Being Better People

Yesterday I wrote about how our penchant for judgment precludes the formation of a just society; when we formulate our responses to systemic injustice in terms of personal responsibility we sabotage progress and turn it instead into a blame game.  But whereas it’s all too easy to point fingers at the abdication of personal responsibility as a cause of poverty or failure or other woes, we often overlook the necessity of personal responsibility in surmounting privilege.


All of us, by virtue of living in an unjust world, participate in unjust systems; to try and claim oneself free of all such influences is to engage in a race-to-the-bottom Oppression Olympics, an event in which nobody ever wins.  Admitting our culpability in these systems can be difficult: the vast majority of us do not like to think ourselves racists, and we don’t hate people of color personally – but if we participate in racist systems, are we nonetheless upholding white hegemony?  (As I’ve said previously, the answer is yes.)

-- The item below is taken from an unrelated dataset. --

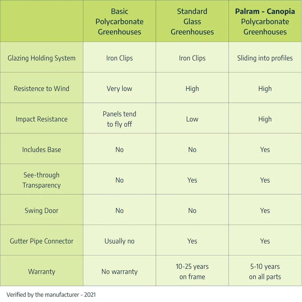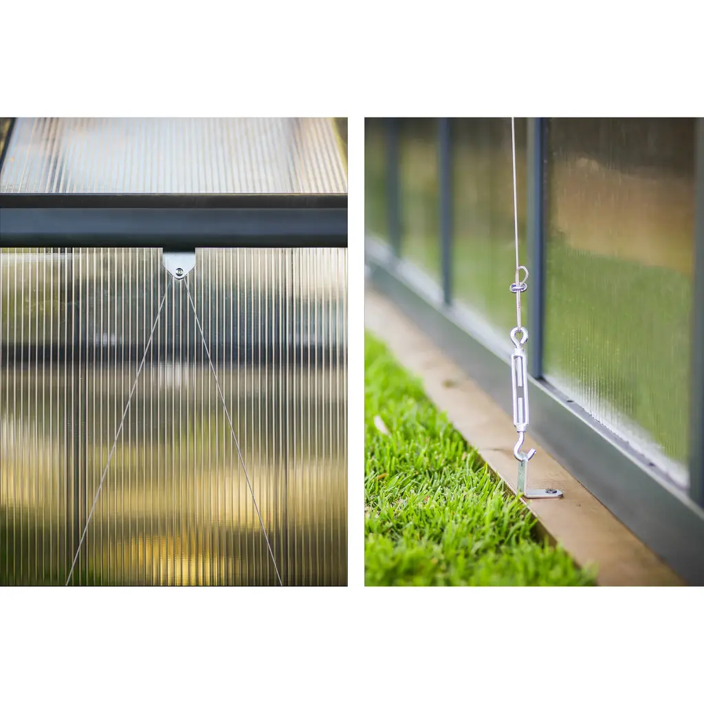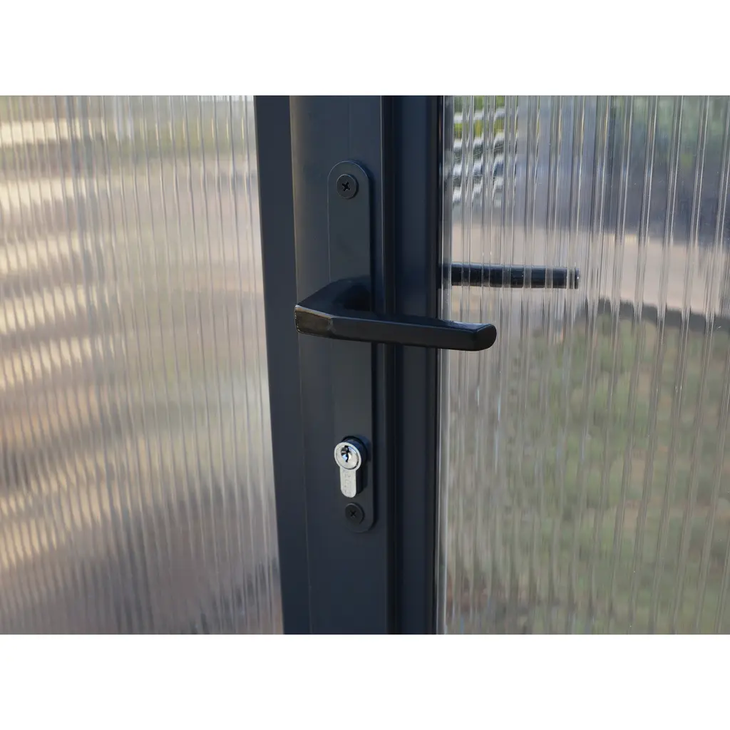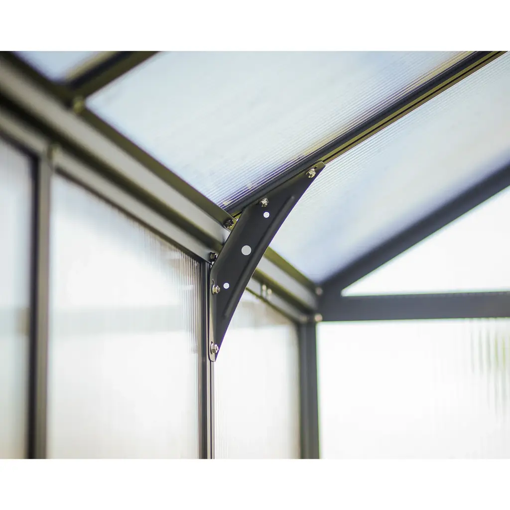Discover the Excellence of the Glory Greenhouse: Your Partner for Superior Backyard GardeningTransform your gardening with the Glory Greenhouse, meticulously designed to offer the best in comfort, growth, and resilience. With a spacious entrance and thoughtfully included accessories, you'll enjoy perfect ventilation and effortless control over moisture and temperature, essential for thriving plants.Elevate Your Gardening Experience:• Enhanced Growing Space: The high roof and extended eaves not only add elegance but also provide significant headroom and space, allowing you to grow tall and lush plants with ease.• Durable Design: Crafted with an eye for beauty and longevity, the gray powder-coated aluminum framework is both stylish and sturdy, ensuring your gardening pleasure for years to come.• Stability and Support: An included steel base kit enhances height, adds critical support, and ensures your greenhouse remains stable and aligned in any weather.• Unmatched Durability: Our twin-wall polycarbonate panels are virtually indestructible, hail-resistant, and UV protected, offering unmatched protection and optimal insulation.• Superior Frame Strength: With an aluminum frame that's 50% thicker than standard, our greenhouse withstands corrosion and maintains a rigid structure for reliability.• Ample Space for Growth: Enjoy a vast interior with a high ceiling (103") and tall eaves (73.4"), perfect for trellising your favorite tall plants.• Accessibility: The wide entrance door (31.5" W x 74" H) and low threshold ensure easy access, whether you're using a wheelbarrow or wheelchair.• Weather-Ready: An integrated anchoring system, along with an external kit, offers unparalleled support and stability through harsh conditions.• All-Inclusive Accessories: Comes complete with roof vents, automatic vent openers, a side louvre window, plant hangers, and an anchoring kit for a comprehensive gardening solution.• Sustainable Features: Large closed gutters and gutter heads allow for rainwater collection, promoting a sustainable irrigation practice.• Maintenance-Free: Spend more time gardening and less on upkeep with our easy-to-install, maintenance-free design.
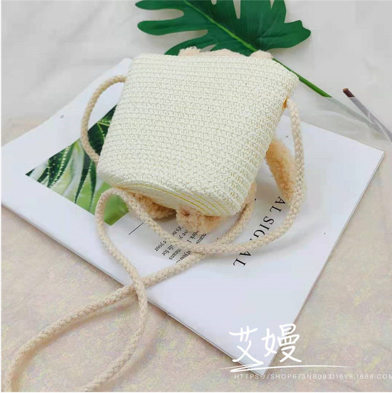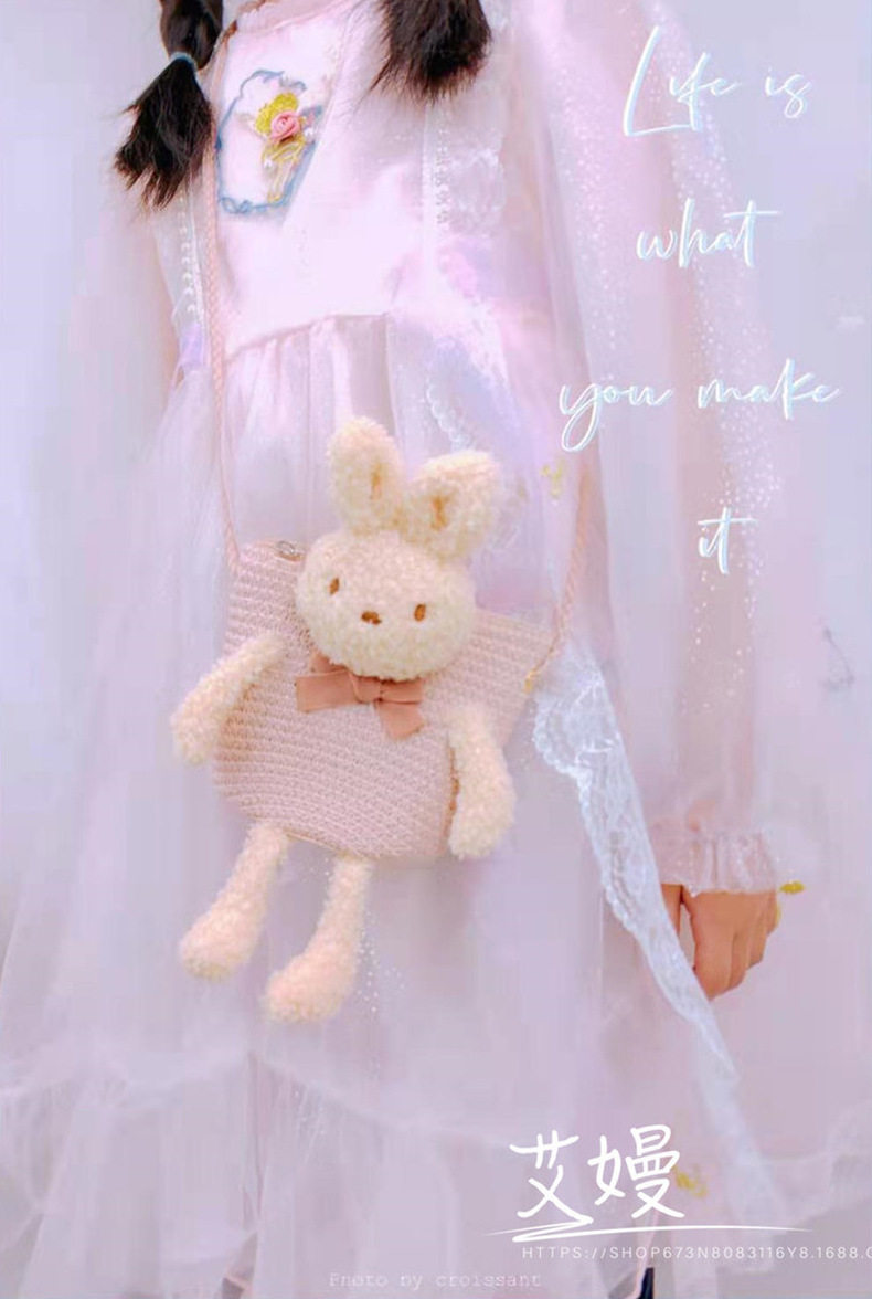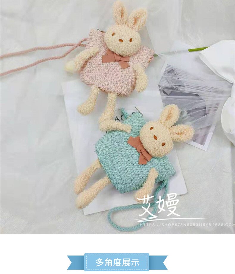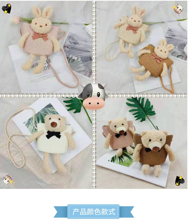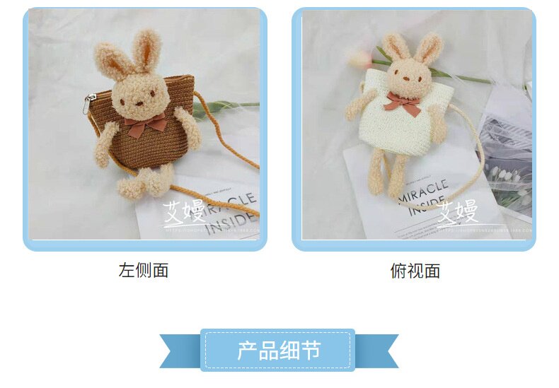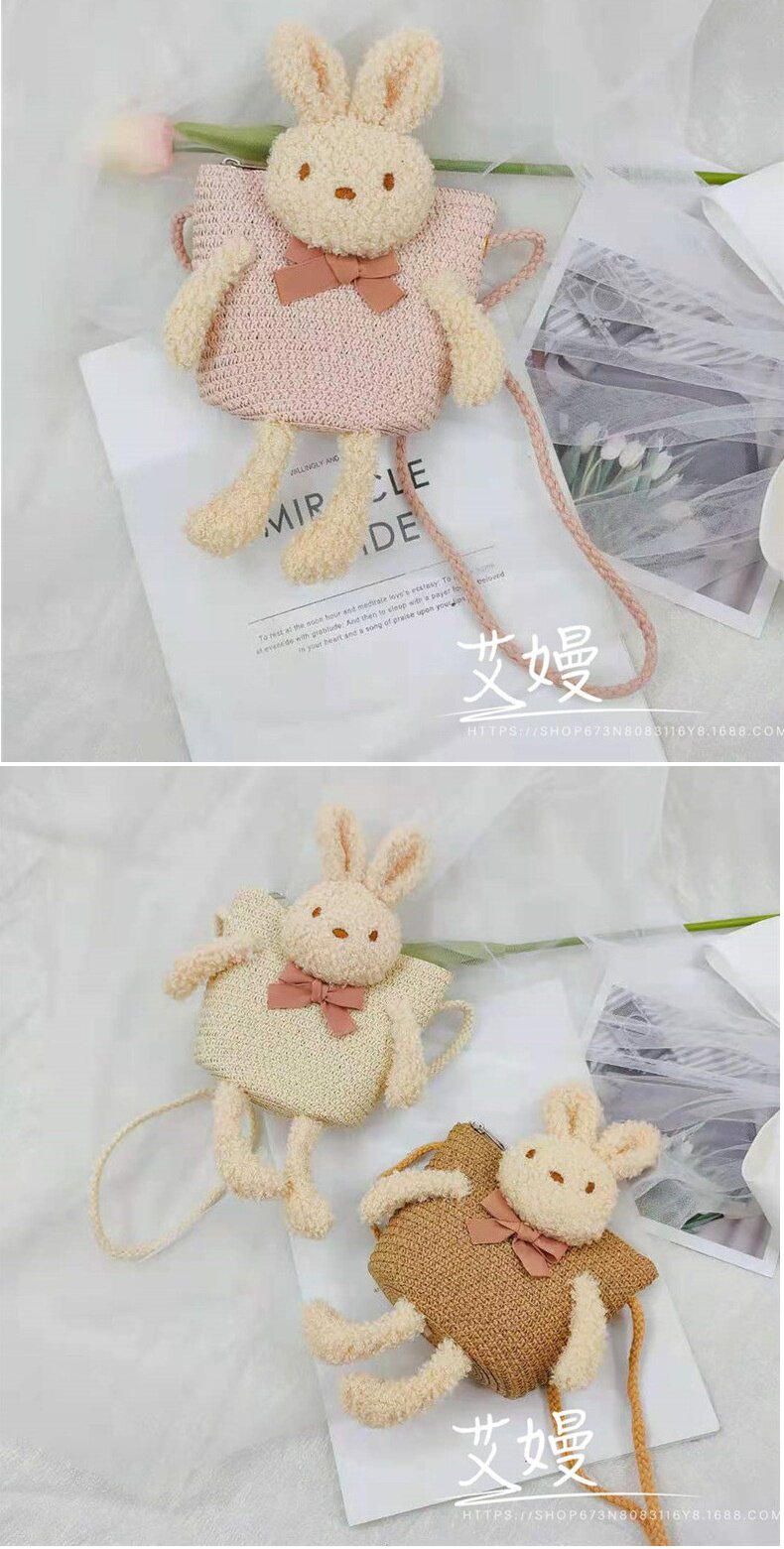 Children's Bag Girl Adult Cute Cartoon Plush Bunny Crossbody Bag Little Girl Straw Bag Baby Small Bag

The only way to truly change disparate outcomes is to change the structures in which we all operate.  As Alyssa Rosenberg writes in her summary of the extreme gender discrepancies in literary magazines, as revealed over the last three years by VIDA’s byline count:


My guess would be that the problem is less malign, but more insidious. I’d be willing to bet that every editor of every publication on this list is, in theory at least, committed to the principals of gender equity. But I’d also be comfortable laying money on the idea that they’re equally convinced that their subconscious biases, reliance on familiar authors, and processes to sort submissions and identify new contributors are sound and don’t in any way work to produce byline inequality. They’re probably uncomfortable with the idea of quotas and target numbers, in part because they want to have faith in their own processes. In other words, they can acknowledge a problem without thinking that it’s their problem. And making that connection is what’s important.


It’s all too easy to pretend that we’re not part of the problem, that we are better than the systems in which we participate.  But such willful blindness solves nothing; indeed, it only perpetuates the injustice.